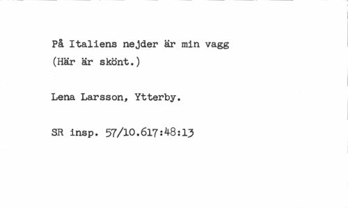 //// På Italiens nejder är min vagg (Här är skönt.) //// Lena Larsson, Ytterby. //// SR insp. 57/10.617:48:13 ////
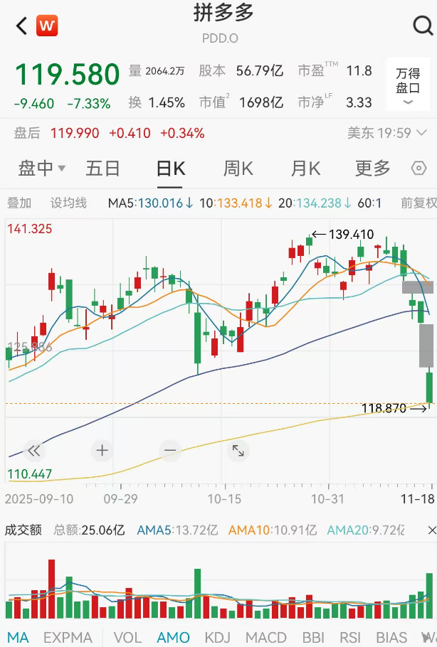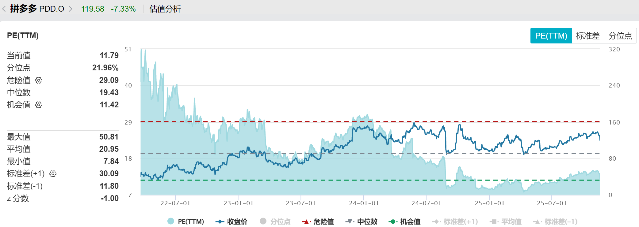 截止到11月19日,拼多多总市值约1700亿美元,按照TTM业绩,拼多多2024Q4~2025Q3过去四个季度的累计净利润约140亿美元。
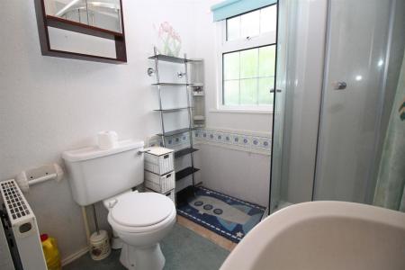 White suite with shower cubicle, pedestal wash hand basin, low level WC, radiator, double glazed rear window
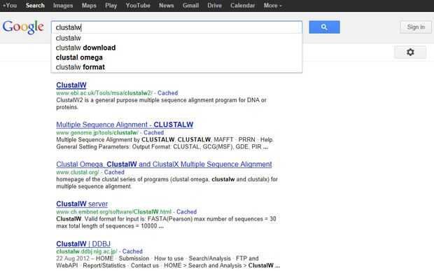 ClustalW es un programa de Bioinformática de uso general para el análisis de la secuencia de ácidos nucleicos y proteínas. Puede ser por cualquier motor de búsqueda en internet con la palabra clave "clustalw" eaily.
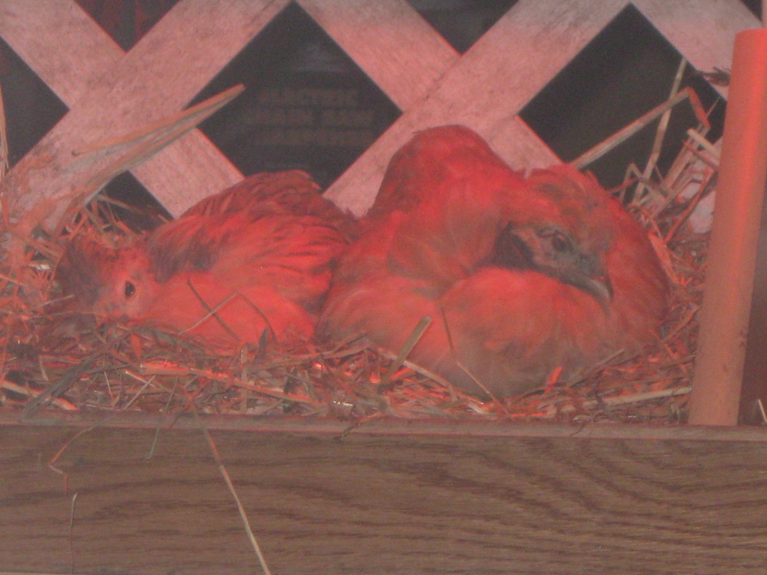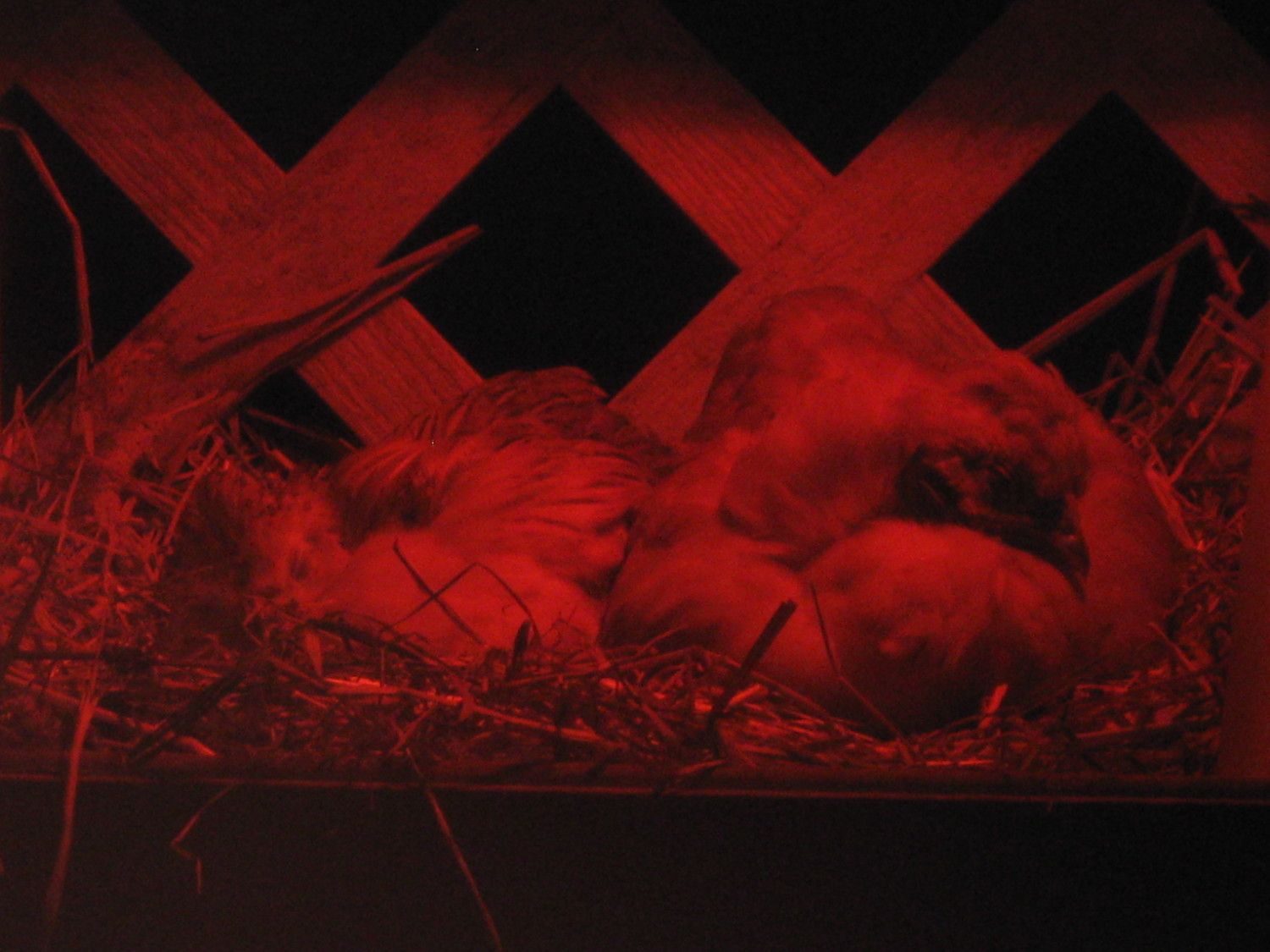 Stealth pictures taken through the coop window of the new additions. They happen to be sleeping in the favourite nest box so I imagine that will not be the permanent sleeping spot. Gravy is sleeping in the box next to them.
####################
**Your objective:** Please return only the lines from the top of the data through the line with "ClustalW es un", exactly as written, and drop every picture.

**Exercise output:**
 //// På Italiens nejder är min vagg (Här är skönt.) //// Lena Larsson, Ytterby. //// SR insp. 57/10.617:48:13 ////
 截止到11月19日,拼多多总市值约1700亿美元,按照TTM业绩,拼多多2024Q4~2025Q3过去四个季度的累计净利润约140亿美元。
 White suite with shower cubicle, pedestal wash hand basin, low level WC, radiator, double glazed rear window
 ClustalW es un programa de Bioinformática de uso general para el análisis de la secuencia de ácidos nucleicos y proteínas. Puede ser por cualquier motor de búsqueda en internet con la palabra clave "clustalw" eaily.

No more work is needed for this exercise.